The dovetail joint (DT) is one of the most beautiful joineries in woodworking – if you want it to be.


Because you can select either blind, half-blind, or visible options.

After finishing your first dovetail, you’ll probably want to show it off. And you’ll have every right to be proud of your craftsmanship because of all the woodworking joints, dovetailing is one of the hardest to complete with precision.

But if you can do it right, this joint is sure to last just about anything you throw at it.

Here’s everything you need to know about dovetails before you find yourself in a project over your head.

The Pros and Cons of Dovetails

Like any joinery, the dovetail joint comes with its own advantages and disadvantages – it’s not ideal for every project.


Not only is dovetailing easy on the eyes, but its design makes it naturally resistant to wear and tear – even without glue.

  • Extremely strong
  • No metal fixtures, screws, or fasteners needed
  • Provides a large surface area for gluing
  • Visible and blind options
  • Will hold together without glue
  • Interlocks two pieces of wood
  • Difficult to pull apart
  • Looks amazing


If you’re working with a finite amount of wood, be careful: executing this joint properly is a huge challenge. A small mistake can vastly reduce the joint’s advantages.

  • Difficult to design and cut
  • Leaves no room for error
  • Gaps or mismeasurement will reduce the joint’s strength (and all other advantages)

Selecting the Best Woodworking Joint for the Job

Still have your heart set on mastering this ancient joint?

Great. Even staying within the realm of dovetailing, you have many options to choose from so you’re sure to select the best woodworking joint for your project.

Not feeling so confident? Try your hand at a few box joints first to get the hang of interlocking joints before you advance to the DT.

Through DT

This is the most common type which you will see throughout many pieces of cabinetry, boxes, and several other items. In this woodworking joint, the interlocking fingers are completely visible although occasionally covered with a veneer.

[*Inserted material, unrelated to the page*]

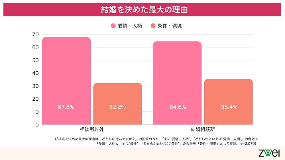 「条件だけで結婚した」というのが事実ではないことは、結婚を決めた理由からもわかる。結婚相談所で出会った夫婦もそれ以外の夫婦も、条件や環境よりも愛情や人柄が最大の決め手だと答えた人がずっと多く、愛情と条件の比率は、双方ともにほとんど差がない。

Adding a concealing finish is less common these days because craft workers want to show off their skill and consumers love the beautiful feature.

Detailed, high-quality, and handcrafted woodwork is rare today, so it makes sense why the through dovetail has grown in popularity.

Half-Blind DT

The half-blind DT eliminates the need for adding a false-front to drawers. In this joint, the interlocking fingers are not visible from the front.

This joint is a little more difficult to carry out than through dovetailing.

Secret Mitred DT (Full-blind)

You’ll often “find” secret mitred joints in picture frames and other carpentry where an invisible joint is preferred.

Of all woodworking joints (and all dovetails), the secret mitred is in the highest class because it offers supreme strength with a completely flesh and smooth surface.

Secret Double-lapped DT

This joint is almost identical to the secret mitred but it includes a thin portion of grain on one end of the joint.

Sliding DT

The sliding dovetail joint is very different from the rest because there is only one large interlocking section.

With this versatile joint, you can attach pieces of wood at a right angle or in a perpendicular fashion rather than end-to-end.

The sliding DT is often found in musical instruments, table frames, shelves, drawers, and cabinets.

3 Things to Know About Dovetailing

The dovetail joint is one of the most fascinating and revered of all the joineries. Here are a few things you should know about dovetails.

1. It’s an Ancient Method

Experts believe dovetails predate written history. Explorers have found this joint in Egyptian tombs dating back to the First Dynasty as well as tombs of ancient Chinese emperors.

2. It Isn’t Exclusive to Woodworking

You can find these ancient joints throughout many applications outside carpentry such as

  • Rifles and weapons: attaching iron sights
  • 3D printing: to form large objects with several small pieces
  • Masonry: particularly lighthouses and other structures in dangerous areas
  • Cast iron, aluminum, and other metal work to avoid permanent fixation through welding
  • Clockmaking: fixing broken teeth 
  • Jet engines: connecting turbine blades to the turbine disc

3. It Goes by Several Names

This joint is commonly called a “dovetail” due to its appearance.

In Europe, you might hear this joint called a “swallowtail” or “fantail.” It also goes by “pin and cove” or “tail and pin” in the carpentry community.

Did We Mention They’re Strong?

Not only are dovetails strong, but with excellent craftsmanship they can last over a century.

Carpenters of the past often turned to this type of woodworking joint for strength and durability prior to the discovery of steel or accessible metal fixtures.

Now, dovetailing is truly an art form rarely found in modern and mass-produced wood pieces.